Reimagining a 1992 horror movie


    Director Nia DaCosta's Candyman has been described as a "spiritual sequel" to its 1992 predecessor. I'd call it more of a "rethink" in which the original movie has been given an updated agenda. 
     While keeping her eye on horror-movie obligations, DaCosta infuses the proceedings with visual style and thematic ambition replacing the 1992's white academic with a black Chicago artist.
    Yahya Abdul-Mateen II portrays Anthony McCoy, an artist who lives with his curator girlfriend (Teyonah Parris) in an upscale condo built on the site of the mostly demolished Cabrini-Green Homes, a housing project where much of the original was set.
      McCoy becomes increasingly obsessed with the story of Candyman, a tale most of the other characters regard as an urban legend -- until they no longer can.
       The legend springs from a 19th-century tale about Daniel Robitaille (Tony Toddy) an aspiring black artist who was tortured, given a hook for a hand, and burned by racist thugs sent by the father of a white girl who had fallen in love with Robitaille. Robitaille became Candyman, the killer who haunted the Cabrini Green projects.

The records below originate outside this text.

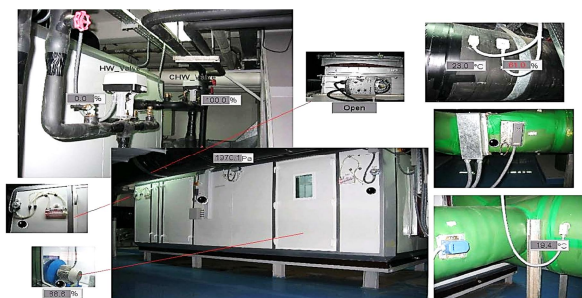
Fig. 2 AHU of clean room

هواساز مدل شده در این پژوهش دارای زیر سیستم‌های، کویل سرد و گرم، فن هوای رفت و رطوبت‌زن، "شکل 2"، که رفتار کویل سرد و گرم را به روش جعبه خاکستری و رطوبت‌زن و فن به شیوه جعبه سفید شبیه‌سازی شده اند.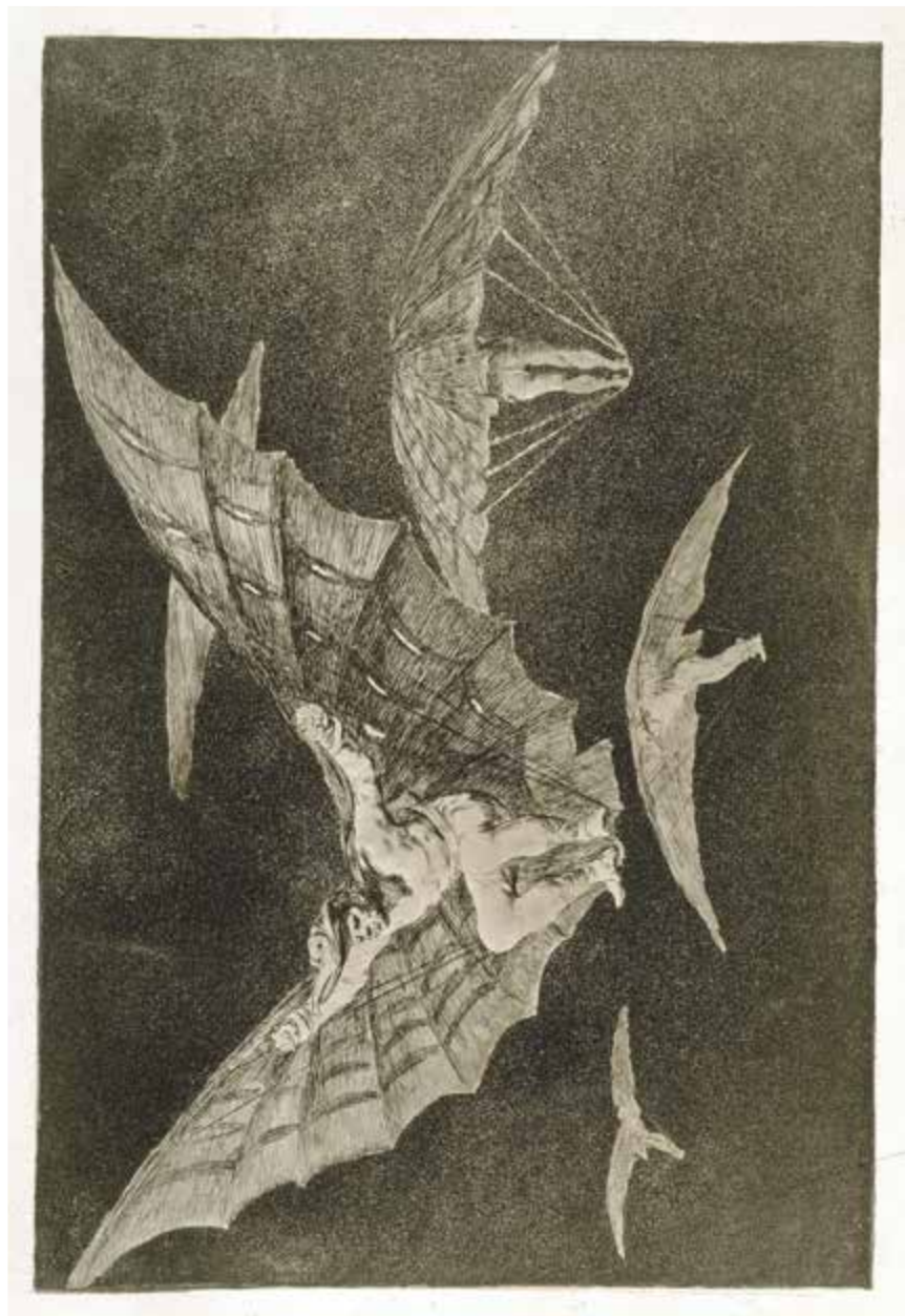
Modo de volar, de la serie los Disparates [13] inventado y grabado por Francisco de Goya. 245 x 358 mm. Grabado calcográfico (aguafuerte, aguainta y punta seca). Gabinete de dibujos y estampas. Museo Nacional del Prado. Go0749.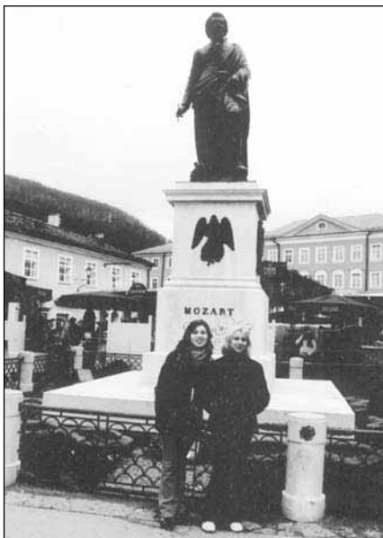
Salzburg v Mozartovem letu 2006 - spominska fotografija ob spomeniku glasbenega genija; 9.12.2006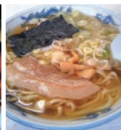
▲美好食堂(只見町) ラーメン

       The horror element stems from an additional conceit. Anyone who looks into a mirror and says the name Candyman five times will summon Candyman who'll proceed to rip them apart with his hook.
        Gory, sure. But DaCosta -- working from a screenplay by Win Rosenfeld and Jordan Peel, the director of Get Out and Us, two equally ambitious horror movies -- tempers the bloodshed by suggesting a variety of broader themes. Among them: the hypocrisies of gentrification, the pretensions of the art world, and the history of racial violence and the rage it can breed.
        Abdul-Mateen's increasingly powerful performance anchors a movie that features Colman Domingo as the man who first alerts McCoy to the Candyman legend. 
         I wouldn't say that everything about Candyman works but DaCosta's visual approach (keeping the camera at a distance while showing one of the murders through an apartment window, for example) reflects a strong level of imagination.
       The use of shadow puppets to fill in the movie's backstory proves even more novel. These displays of puppetry -- scenes of racial violence and injustice -- remind us about what underlies the events we're watching.
        You can see DaCosta's inventiveness right from the start. She brilliantly opens the film by turning the world upside down, subverting cliche by shooting the streets of Chicago by pointing her camera at the sky rather than the relying on typical images in which we look down at the city from above. 
      Her choice disturbs and provokes and sets the stage for a movie that deserves credit for having more than exploitative thrills on its mind.